As universidades públicas, no país, enfrentam uma crise financeira e política. A retenção ou corte de recursos por parte dos gestores responsáveis pelas diretrizes e programas relacionados com o setor do ensino superior, tem sido motivo de questionamentos pela comunidade acadêmica. 

Se as universidades passam por crise, os sistemas de bibliotecas, nelas existentes, também entram em crise; em alguns casos até mesmo em situação de colapso.

Afinal, bibliotecas universitárias são sistemas que não operam isoladamente de suas instituições de acolhimento. Sua estratégia de desenvolvimento deve estar alinhada com a da instituição, bem como a sua visão do futuro. 

Assim, é razoável supor que as políticas que atualmente afetam o setor têm impacto sobre as bibliotecas universitárias. E o impacto não se reflete apenas em seu funcionamento, mas também nas iniciativas de mudanças e definição de prioridades, ou seja, na definição de seu plano estratégico de curto, médio ou longo prazo.

Apesar do cenário pouco otimista até o momento, é sempre importante repensar a inserção da biblioteca universitária e/ou do sistema de bibliotecas universitárias na Universidade brasileira; e o seu papel dedicado ao aprimoramento e desenvolvimento acadêmico da comunidade que atende, em consonância com as tendências internacionais das bibliotecas universitárias contemporâneas. 
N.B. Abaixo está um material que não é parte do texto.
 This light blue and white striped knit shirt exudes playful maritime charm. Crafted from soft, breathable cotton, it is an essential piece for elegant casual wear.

A transição marcante dos suportes de informação do meio impresso para o digital, coloca novos e significativos desafios para a gestão dos serviços de biblioteca, entre eles a necessidade de incorporar tecnologias da informação, definir novas políticas e procedimentos técnicos, identificar riscos e oportunidades para a melhoria da qualidade dos seus dados, produtos e serviços, além de capacitar, continuamente, as equipes e os seus usuários.

Neste sentido, emerge atualmente, o caso da Universidade de São Paulo e do Sistema Integrado de Bibliotecas da USP - SIBI. Segundo comentários, na busca pela inovação do Sistema, um Docente de Medicina foi nomeado Diretor Técnico do SIBI. Com a nomeação surge a proposta de transformar ou apensar o SIBI sob a custódia de uma Agência de Gestão da Informação Acadêmica - AGIA.
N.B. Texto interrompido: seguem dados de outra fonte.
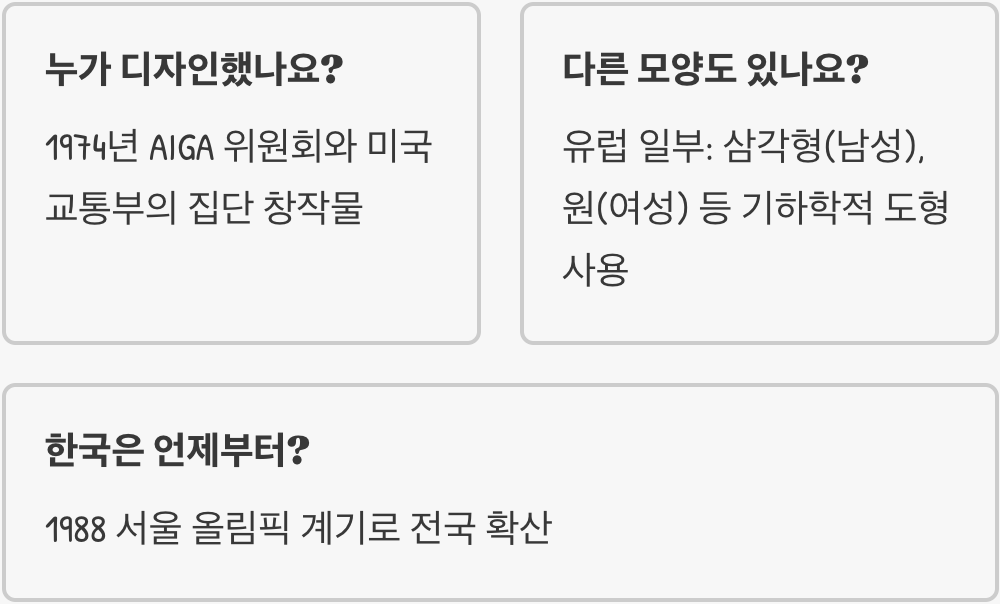 A. 우리나라 역시 1988년 서울 올림픽을 개최하면서 국제적인 기준에 맞춘 픽토그램 시스템을 본격적으로 도입하고 정비하기 시작했습니다. 이를 계기로 ‘치마와 바지’ 형태의 화장실 픽토그램이 전국 공공시설에 널리 퍼지게 되었습니다.

Em realidade, tem-se mais uma proposta, entre tantas outras preconizadas para o Sistema de Bibliotecas. Por exemplo, em 2014, a própria Universidade constituiu um Grupo de Trabalho, pela Portaria do Reitor de 13.03.2014, que resultou no Relatório Final: “O papel das bibliotecas na estrutura das universidades modernas e a reestruturação do Sistema Integrado de Bibliotecas da Universidade de São Paulo”. 

O Grupo de Trabalho propôs uma série de recomendações que consideravam os novos modelos de bibliotecas universitárias e sua inserção na missão da Universidade contemporânea e, também, apontou para possíveis soluções sobre alguns dos problemas então existentes. Nota-se, entretanto, que esforços, tempo e recursos dispendidos costumam tornar-se em vão, no âmbito universitário.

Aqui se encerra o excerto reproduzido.